Neither Lane nor Miss Euston looked at each other for a moment.

"Is it in my hands?" repeated Craig.

"Yes," bit off Lane, sourly.

"And you, Miss Euston?"

"Of course," she answered.

"Then we all go," decided Craig. "Lane, may I install this thing in your telegraph-room outside?"

"Anything you say," Lane returned, unmollified.

Whiting set to work immediately, while Kennedy gave him the final instructions.

Neither Lane nor Miss Euston spoke a word, even when I left the room for a moment, fearing that three was a crowd. I could not help wondering whether she might not have heard something more from the woman in the tea-room conversation than she had told us. If she had, she had been more frank with Lane than with us. She must have told him. Certainly she had not told us. It was the only way I could account for the armed truce that seemed to exist as, hour after hour, our train carried us nearer the point where we were to meet the treasure-train.

At Worcester we had still a long wait for the argosy that was causing so much anxiety and danger. It was long after the time scheduled that we left finally, on our return journey, late at night.

Ahead of us went a dummy pilot-train to be sacrificed if any bridges or trestles were blown up or if any new attempts were made at producing artificially broken rails. We four established ourselves as best we could in a car in the center of the treasure- train, with one of the armed guards as company. Mile after mile we reeled off, ever southward and westward.

We must have crossed the State of Connecticut and have been approaching Long Island Sound, when suddenly the train stopped with a jerk. Ordinarily there is nothing to grow alarmed about at the mere stopping of a train. But this was an unusual train under unusual circumstances.

No one said a word as we peered out. Down the track the signals seemed to show a clear road. What was the matter?

"Look!" exclaimed Kennedy, suddenly.

Off a distance ahead I could see what looked like a long row of white fuses sticking up in the faint starlight. From them the fresh west wind seemed to blow a thick curtain of greenish-yellow smoke which swept across the track, enveloping the engine and the forward cars and now advancing toward us like the "yellow wind" of northern China. It seemed to spread thickly on the ground, rising scarcely more than sixteen or eighteen feet.
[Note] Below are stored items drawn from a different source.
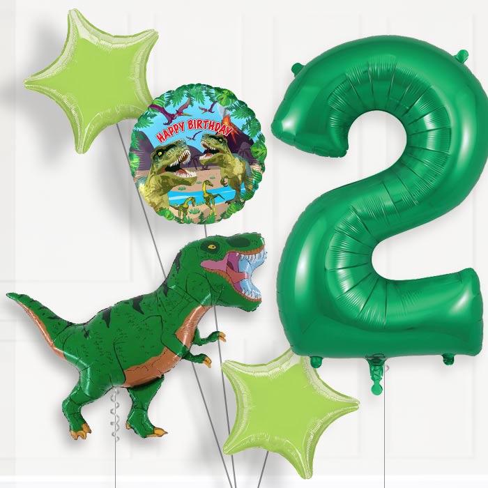 Our Green T Rex Helium Balloon Package 2nd Birthday will ensure you have all the balloons you need for a special 2nd Birthday surprise!
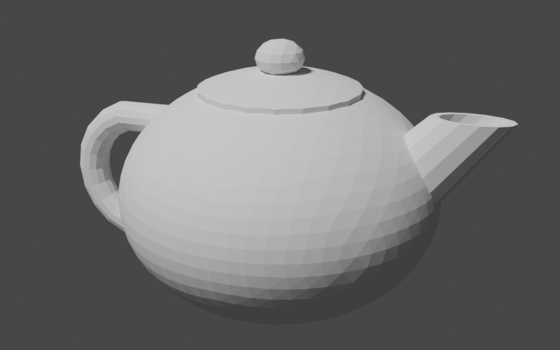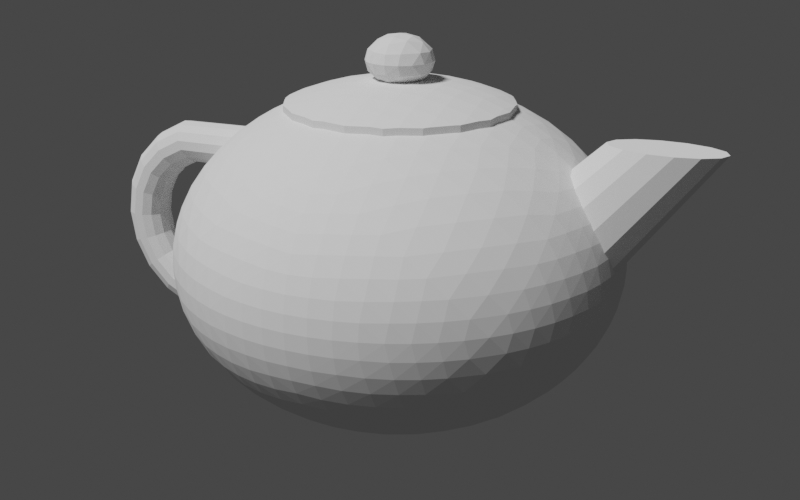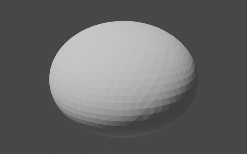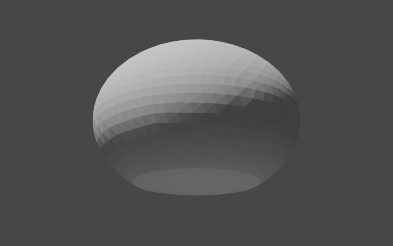 }Unlike some fancier types you might see, our teapot is going to have a simple, rounded body. So, we will start by creating a sphere and go from there. Luckily, Commons Geometry provides a Sphere class to help us. Sphere sphere = Sphere.from(Vector3D.ZERO, 1, precision); We now have a Sphere instance centered on the origin with a radius of 1. However, our instance represents an analytic sphere, meaning it is does not contain any flat surfaces. This is great for many use cases, but we need flat surfaces in order to construct a BSP tree. To convert from our mathematically perfect sphere abstraction to a BSP tree sphere approximation, we will use the Sphere.toTree() method. This method accepts a single argument that determines the number of facets that will be used in the approximation. The documentation explains the details of the conversion. For our purposes, we will use the argument 4, which will give us a BSP tree with 2048 facets. Sphere sphere = Sphere.from(Vector3D.ZERO, 1, precision); RegionBSPTree3D body = sphere.toTree(4); This finally gives us something we can look at in our 3D modeling program.
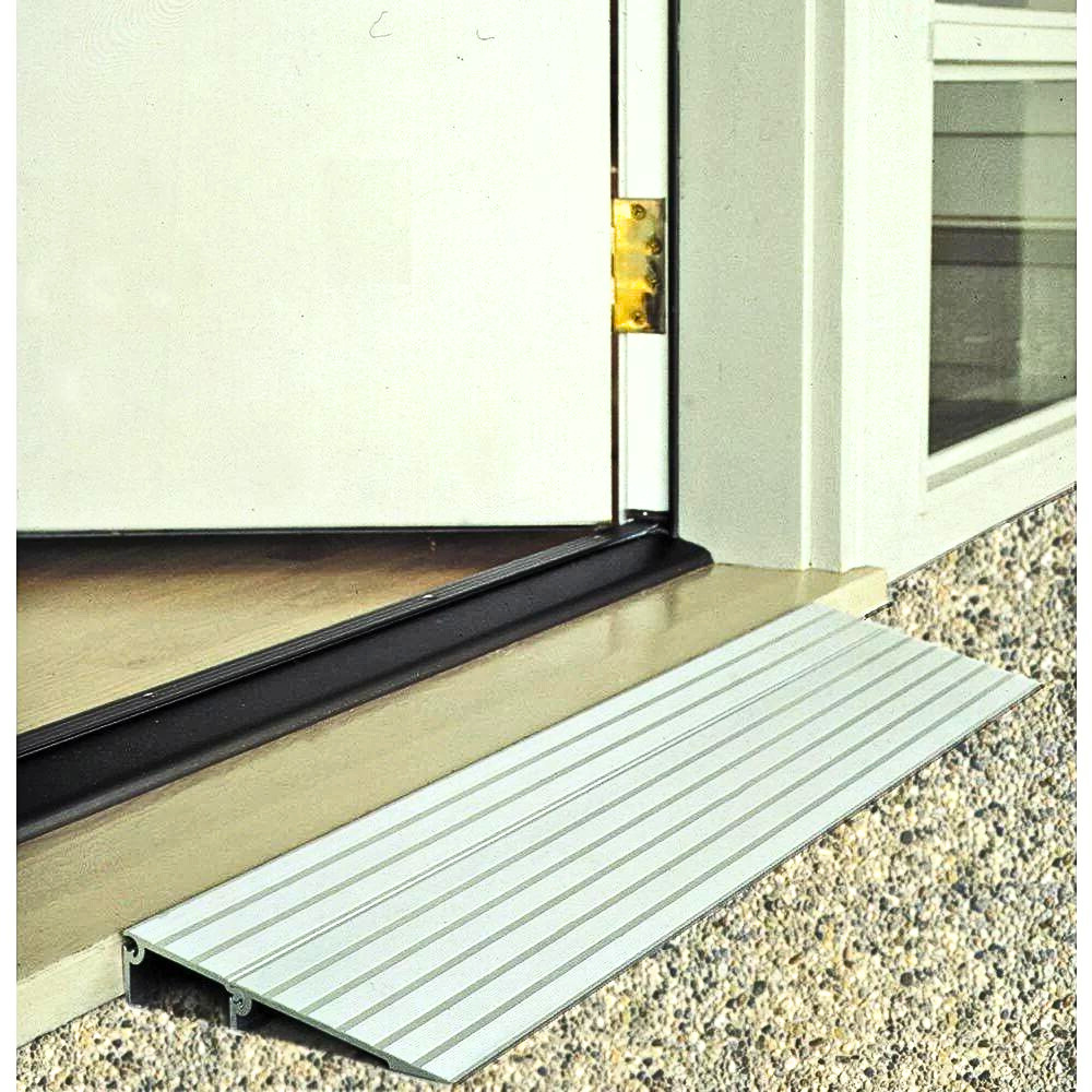 Features: This durable freestanding ramp is 34" wide and suitable for doorways, sliding glass doors, and raised landings. It is ideal for wheelchairs, walkers, and cane users. It is made of anodized aluminum and is approved for indoor/outdoor use.
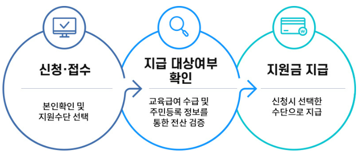 신청, 접수를 하고 나면 지급 대상 여부를 확인하며 이에 따라 최종 교육 급여 학습 특별 지원금 지원 여부가 결정되고 나면 교육 급여 특별 지원금이 신청 시 선택한 수단으로 지급됩니다.
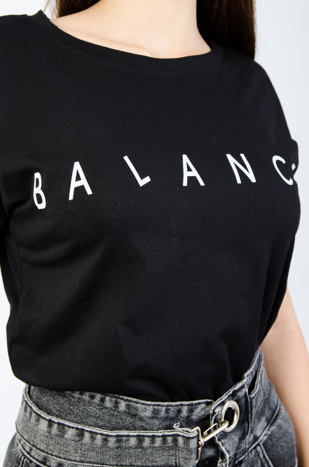CZARNY T-SHIRT Z NAPISEM BALANCE
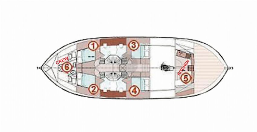 Şnorkel ekipmanları, Balık tutma malzemeleri, Güneş tenteleri, Güneş yatakları, Güvertede duş, Deniz merdiveni
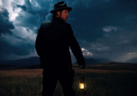 Man in victorian cowboy clothing with lantern standing on prairie area. Side view.

A moment and the cloud began to fill the air about us. There was a paralyzing odor. I looked about at the others, gasping and coughing. As the cloud rolled on, inexorably increasing in density, it seemed literally to grip the lungs.

It flashed over me that already the engineer and fireman had been overcome, though not before the engineer had been able to stop the train.

As the cloud advanced, the armed guards ran from it, shouting, one now and then falling, overcome. For the moment none of us knew what to do. Should we run and desert the train for which we had dared so much? To stay was death.

Quickly Kennedy pulled from his pocket the gauze arrangements he had had in his hand that morning just as Miss Euston's knock had interrupted his conversation with me. Hurriedly he shoved one into Miss Euston's hands, then to Lane, then to me, and to the guard who was with us.

"Wet them!" he cried, as he fitted his own over his nose and staggered to a water-cooler.

"What is it?" I gasped, hoarsely, as we all imitated his every action.